▶ _What is needed_
From the data below, return only the lines from the one with "ABS/焦作博瑞克**技術有限公司。 | ||" through the one with "该模组内容十分简洁,仅有一个", exact and inclusive, with pictures left out.

▶ _Material for the task_
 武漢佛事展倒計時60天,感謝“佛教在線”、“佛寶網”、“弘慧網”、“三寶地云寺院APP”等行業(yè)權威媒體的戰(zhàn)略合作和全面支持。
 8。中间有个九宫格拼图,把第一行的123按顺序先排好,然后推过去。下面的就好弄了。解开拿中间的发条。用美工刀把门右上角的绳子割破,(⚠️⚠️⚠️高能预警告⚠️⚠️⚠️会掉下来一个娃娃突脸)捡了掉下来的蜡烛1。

...

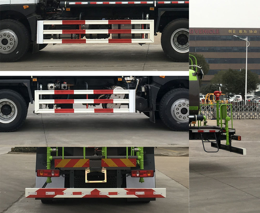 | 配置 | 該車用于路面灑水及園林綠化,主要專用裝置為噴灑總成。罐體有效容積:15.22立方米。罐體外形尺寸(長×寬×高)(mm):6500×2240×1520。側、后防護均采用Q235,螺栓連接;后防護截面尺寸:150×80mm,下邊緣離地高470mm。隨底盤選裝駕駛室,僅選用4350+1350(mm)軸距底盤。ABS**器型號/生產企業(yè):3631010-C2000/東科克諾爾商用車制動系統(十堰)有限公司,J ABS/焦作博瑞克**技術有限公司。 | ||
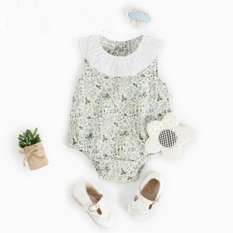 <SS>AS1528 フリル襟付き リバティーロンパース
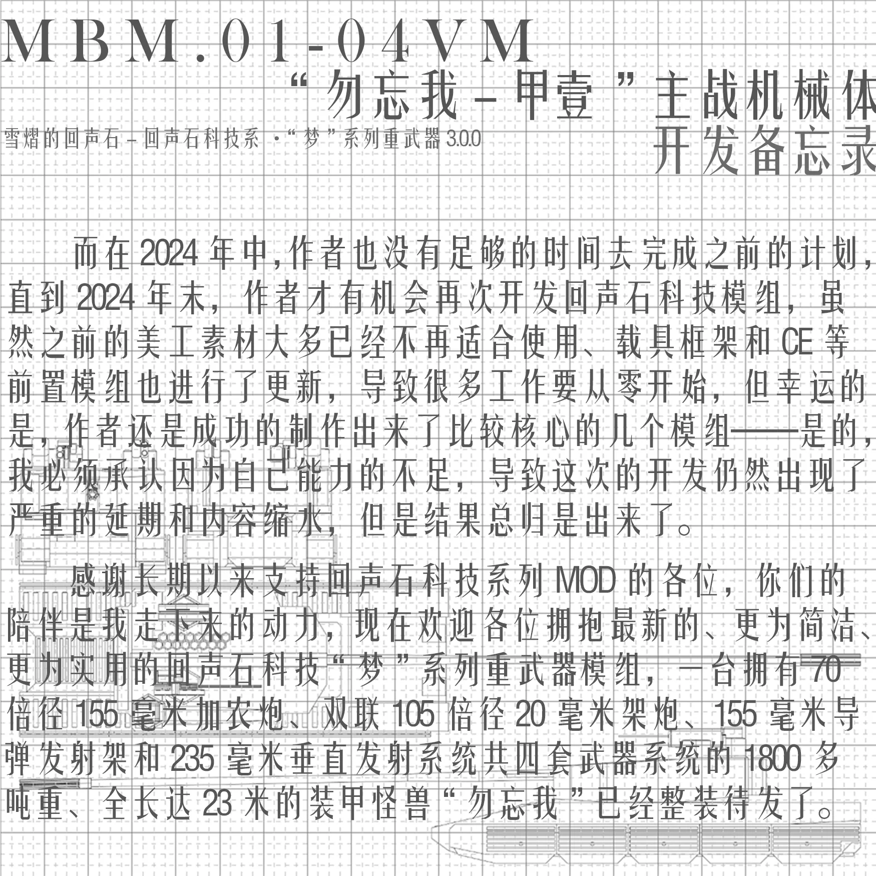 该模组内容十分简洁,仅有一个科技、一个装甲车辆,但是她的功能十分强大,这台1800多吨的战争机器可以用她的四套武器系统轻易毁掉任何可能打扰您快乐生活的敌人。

▶ _Exercise response_
 | 配置 | 該車用于路面灑水及園林綠化,主要專用裝置為噴灑總成。罐體有效容積:15.22立方米。罐體外形尺寸(長×寬×高)(mm):6500×2240×1520。側、后防護均采用Q235,螺栓連接;后防護截面尺寸:150×80mm,下邊緣離地高470mm。隨底盤選裝駕駛室,僅選用4350+1350(mm)軸距底盤。ABS**器型號/生產企業(yè):3631010-C2000/東科克諾爾商用車制動系統(十堰)有限公司,J ABS/焦作博瑞克**技術有限公司。 | ||
 <SS>AS1528 フリル襟付き リバティーロンパース
 该模组内容十分简洁,仅有一个科技、一个装甲车辆,但是她的功能十分强大,这台1800多吨的战争机器可以用她的四套武器系统轻易毁掉任何可能打扰您快乐生活的敌人。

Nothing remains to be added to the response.